Detection probability of light compact binary mergers in future observing runs of the current ground-based gravitational wave detector network

With no binary neutron star (BNS) merger detected yet during the fourth observing run (O4) of the LIGO-Virgo-KAGRA (LVK) gravitational wave (GW) detector network, despite the time-volume (VT) surveyed with respect to the end of O3 increased by more than a factor of three, a pressing question is how likely the detection of at least one BNS merger is in the remainder of the run. I present here a simple and general method to address such a question, which constitutes the basis for the predictions that have been presented in the LVK Public Alerts User Guide during the hiatus between the O4a and O4b parts of the run. The method, which can be applied to neutron star - black hole (NSBH) mergers as well, is based on simple Poisson statistics and on an estimate of the ratio of the VT span by the future run to that span by previous runs.
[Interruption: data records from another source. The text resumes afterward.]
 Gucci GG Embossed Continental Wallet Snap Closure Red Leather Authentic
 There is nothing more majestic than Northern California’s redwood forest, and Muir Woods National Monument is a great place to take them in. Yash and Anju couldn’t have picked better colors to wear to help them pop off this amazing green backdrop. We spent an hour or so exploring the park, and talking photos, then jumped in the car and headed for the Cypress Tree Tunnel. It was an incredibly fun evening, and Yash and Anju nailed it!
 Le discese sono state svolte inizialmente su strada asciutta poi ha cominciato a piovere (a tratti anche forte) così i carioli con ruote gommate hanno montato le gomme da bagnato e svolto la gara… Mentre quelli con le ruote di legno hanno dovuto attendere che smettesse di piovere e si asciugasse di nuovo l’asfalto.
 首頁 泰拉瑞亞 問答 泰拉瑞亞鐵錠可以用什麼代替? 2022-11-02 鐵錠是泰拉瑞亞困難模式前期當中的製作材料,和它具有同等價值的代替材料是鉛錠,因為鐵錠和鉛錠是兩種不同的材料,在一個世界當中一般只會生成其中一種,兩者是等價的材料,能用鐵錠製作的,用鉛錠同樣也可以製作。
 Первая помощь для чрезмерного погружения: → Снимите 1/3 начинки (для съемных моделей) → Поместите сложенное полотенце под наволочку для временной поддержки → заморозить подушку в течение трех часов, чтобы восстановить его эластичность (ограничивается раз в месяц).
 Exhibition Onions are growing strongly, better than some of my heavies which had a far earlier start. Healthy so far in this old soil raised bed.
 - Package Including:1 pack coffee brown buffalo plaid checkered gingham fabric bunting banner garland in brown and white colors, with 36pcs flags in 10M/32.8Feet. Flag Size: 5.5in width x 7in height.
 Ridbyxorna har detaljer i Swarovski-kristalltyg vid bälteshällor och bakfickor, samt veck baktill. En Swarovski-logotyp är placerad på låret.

An attractive advantage of this method is that its predictions are independent from the mass distribution of the merging compact binaries, which is very uncertain at the present moment. The results, not surprisingly, show that the most likely outcome of the final part of O4 is the absence of any BNS merger detection. Still, the probability of a non-zero number of detections is 34-46\%. For NSBH mergers, the probability of at least one additional detection is 64-71\%. The prospects for the next observing run O5 are more promising, with predicted numbers $N_\mathrm{BNS,O5}=28_{-21}^{+44}$, and the NSBH detections to be $N_\mathrm{NSBH,O5}=65_{-38}^{+61}$ (median and 90\% symmetric credible range), based on the current LVK detector target sensitivities for the run. The calculations presented here also lead to an update of the LVK local BNS merger rate density estimate that accounts for the absence of BNS merger detections in O4 so far, that reads $2.8\,\mathrm{Gpc^{-3}\,yr^{-1}}\leq R_0\leq 480\,\mathrm{Gpc^{-3}\,yr^{-1}}$.